■ Working data:

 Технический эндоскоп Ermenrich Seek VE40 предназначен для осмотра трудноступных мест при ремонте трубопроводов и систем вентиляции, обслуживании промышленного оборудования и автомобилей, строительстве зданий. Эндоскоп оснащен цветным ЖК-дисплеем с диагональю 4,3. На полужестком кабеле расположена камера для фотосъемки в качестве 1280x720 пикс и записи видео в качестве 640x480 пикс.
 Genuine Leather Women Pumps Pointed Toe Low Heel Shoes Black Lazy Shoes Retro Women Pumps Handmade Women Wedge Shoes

* * *

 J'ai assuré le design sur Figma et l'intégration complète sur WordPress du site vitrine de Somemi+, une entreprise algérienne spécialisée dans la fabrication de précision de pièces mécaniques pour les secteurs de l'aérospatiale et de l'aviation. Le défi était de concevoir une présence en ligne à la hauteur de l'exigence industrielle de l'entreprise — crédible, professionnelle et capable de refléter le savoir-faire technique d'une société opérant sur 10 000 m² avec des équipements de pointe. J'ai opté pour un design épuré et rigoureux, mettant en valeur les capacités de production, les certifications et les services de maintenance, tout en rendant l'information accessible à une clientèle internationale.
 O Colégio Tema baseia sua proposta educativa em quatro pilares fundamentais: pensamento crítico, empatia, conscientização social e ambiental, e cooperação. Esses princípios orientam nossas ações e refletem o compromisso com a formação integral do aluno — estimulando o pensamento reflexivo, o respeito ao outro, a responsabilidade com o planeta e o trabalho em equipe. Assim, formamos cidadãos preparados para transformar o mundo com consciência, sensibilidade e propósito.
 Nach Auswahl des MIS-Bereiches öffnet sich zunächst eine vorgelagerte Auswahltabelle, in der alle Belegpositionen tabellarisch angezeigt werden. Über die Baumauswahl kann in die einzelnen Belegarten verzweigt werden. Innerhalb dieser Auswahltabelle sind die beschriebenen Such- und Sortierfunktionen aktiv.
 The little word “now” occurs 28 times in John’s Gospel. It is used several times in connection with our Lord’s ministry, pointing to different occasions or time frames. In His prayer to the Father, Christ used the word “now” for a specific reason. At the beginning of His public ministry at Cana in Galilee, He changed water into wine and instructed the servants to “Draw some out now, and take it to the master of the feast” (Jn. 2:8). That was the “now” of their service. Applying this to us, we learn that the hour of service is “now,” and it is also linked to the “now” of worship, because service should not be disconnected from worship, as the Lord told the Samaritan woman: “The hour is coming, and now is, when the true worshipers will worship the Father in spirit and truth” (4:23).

■ Instructions to follow:
Exact duplication is required for the lines above, from the line that contains "Технический эндоскоп Ermenrich" to the line that contains "Genuine Leather Women", inclusive; omit all others.

■ Exercise response:
 Технический эндоскоп Ermenrich Seek VE40 предназначен для осмотра трудноступных мест при ремонте трубопроводов и систем вентиляции, обслуживании промышленного оборудования и автомобилей, строительстве зданий. Эндоскоп оснащен цветным ЖК-дисплеем с диагональю 4,3. На полужестком кабеле расположена камера для фотосъемки в качестве 1280x720 пикс и записи видео в качестве 640x480 пикс.
 Genuine Leather Women Pumps Pointed Toe Low Heel Shoes Black Lazy Shoes Retro Women Pumps Handmade Women Wedge Shoes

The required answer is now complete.